1. Проверьте, под угрозой ли вы:

• Устанавливали ли вы версию 2.68?
• Вводили ли вы или импортировали seed-фразу во время ее использования?

2. Если ответ «да»:

• Рассматривайте свою текущую seed-фразу как скомпрометированную
• Перенесите все средства на новый кошелек, созданный с новой seed-фразой
• Отмените все подтверждения токенов там, где это возможно

3. Обновите расширение:

• Немедленно отключите версию 2.68
• Установите версию 2.69 из Chrome Web Store
• Проверьте, что приложение исходит из официального источника

4. Дополнительные меры предосторожности:

• Любая система, которая контактировала с раскрытой seed-фразой, считается потенциально уязвимой
• Не отвечайте на личные сообщения от лиц, выдающих себя за команду Trust Wallet
• Избегайте копирования доменов с «fix» – мошенники массово распространяют фальшивые страницы исправлений

Перевод средств может быть связан с операционными затратами – особенно если у вас позиции на нескольких блокчейнах. Расходы на газ и риск мостинга между цепочками могут быть значительными, но безопасность должна быть приоритетом.

Реакция рынка – текущая цена TWT

Trust Wallet Token (TWT) отреагировал на инцидент относительно стабильно. Текущая цена колеблется около 0,88 USD, с дневным снижением на 2,19%. За последние 24 часа максимальная цена составила 0,90 USD, минимальная – 0,86 USD.

Рынок не показал резких движений, что говорит о том, что инвесторы ждут дальнейших сообщений от компании о возврате средств и полных деталях инцидента.
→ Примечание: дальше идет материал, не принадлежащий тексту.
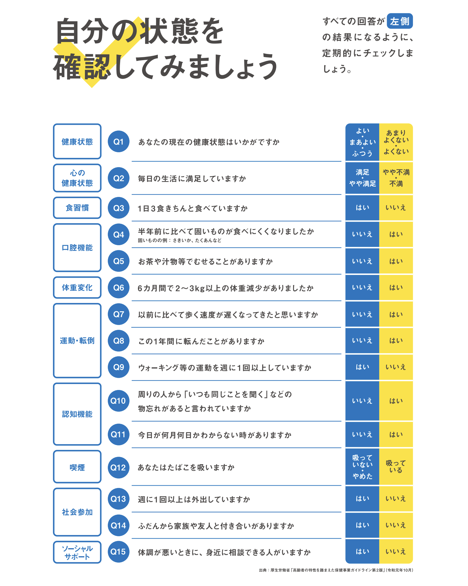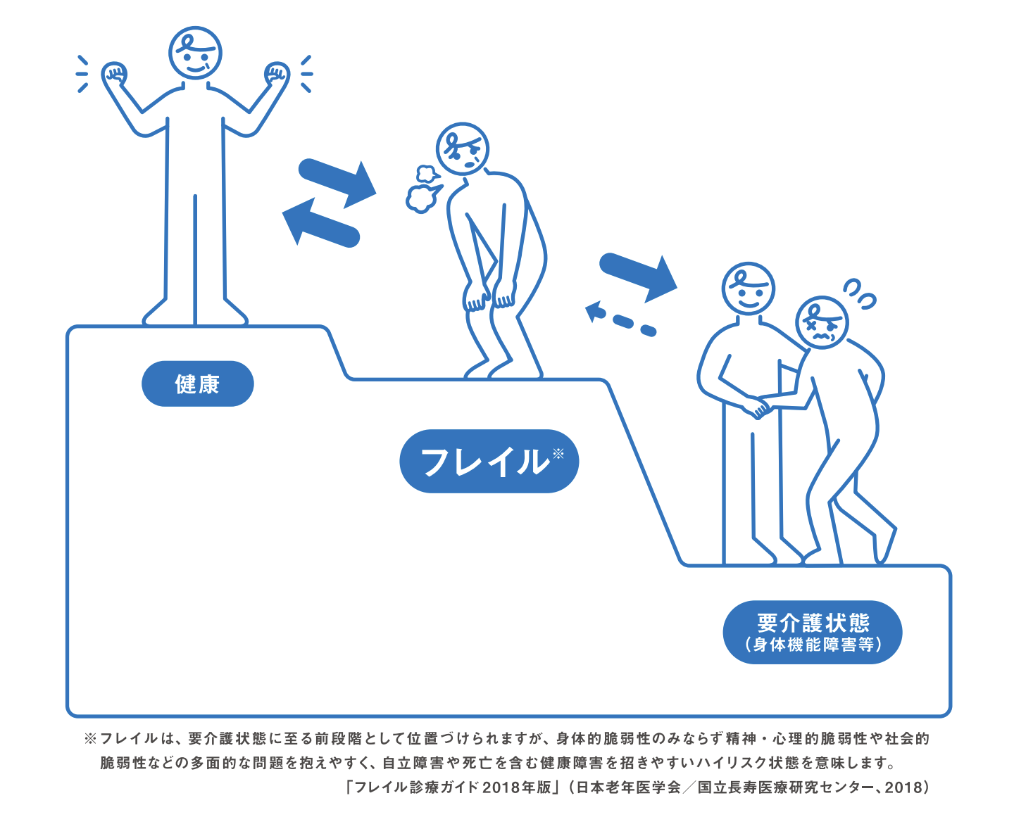 フレイルとは、加齢によって心身の機能が低下し、健康と要介護状態の中間にある「虚弱」な状態です。身体的な衰えだけでなく、気力の低下といった精神的なものや、社会的なつながりの減少も含まれます。ほっておくと要介護状態に陥ることも。運動機能などは、40歳から衰えていきます。早期に対策をすることで回復につながることもあります!年齢を重ねても元気に働けるように予防策をご紹介します!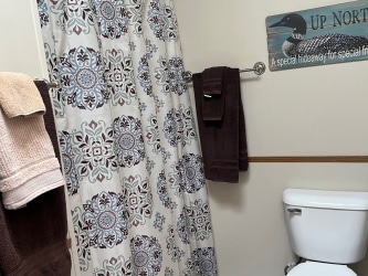 Our cabin has two comfortable queen bedrooms and two baths. The hall bath has a step-in shower with grab bars and a seat for those with limited mobility.

Оценка потерь – сценарий на следующие недели

Первоначальная оценка суммы потерь составила 6–7 миллионов долларов. Однако эта цифра может измениться по нескольким причинам:

• Задержки в сообщениях жертв
• Переклассификация on-chain адресов
• Лучшее отслеживание выплат cross-chain
• Возможное обнаружение дополнительных векторов атаки

Прогнозируемые сценарии на 2–8 следующих недель:

Что после инцидента – уроки для индустрии

Инцидент выявил структурные слабости в модели безопасности расширений браузеров. Академические исследования показали, что вредоносные или скомпрометированные расширения могут обходить автоматические проверки Chrome Web Store. Явление, известное как «дрейф концепции», означает, что тактики атакующих, колеблющиеся во времени, ослабляют эффективность статических методов защиты.

Индустрия сейчас кричит о:

• Повторных сборках исходного кода
• Подписании с разделением ключей
• Более прозрачных процедурах отката в случае аварийных исправлений
• Лучшей прозрачности аварийных отчетов

Trust Wallet заявил, что предоставит подробные инструкции по возврату средств пострадавшим пользователям. Первым шагом должно быть подтверждение, сколько именно пользователей было под угрозой, какие портфолио-данные были раскрыты вредоносным скриптом и какие были реальные пути утечки средств.

Итоговые рекомендации

Trust Wallet настоятельно повторяет рекомендации:

• Немедленно отключите версию 2.68
• Обновитесь до версии 2.69 из официального Chrome Web Store
• Если вы вводили seed-фразу в версии 2.68 – перенесите все средства
• Не доверяйте сообщениям из неофициальных каналов

Инцидент с вредоносным скриптом – напоминание о том, что никакая система – независимо от репутации – не является на 100% безопасной. Образование пользователей и осведомленность о рисках сегодня – лучшая защита от подобных атак.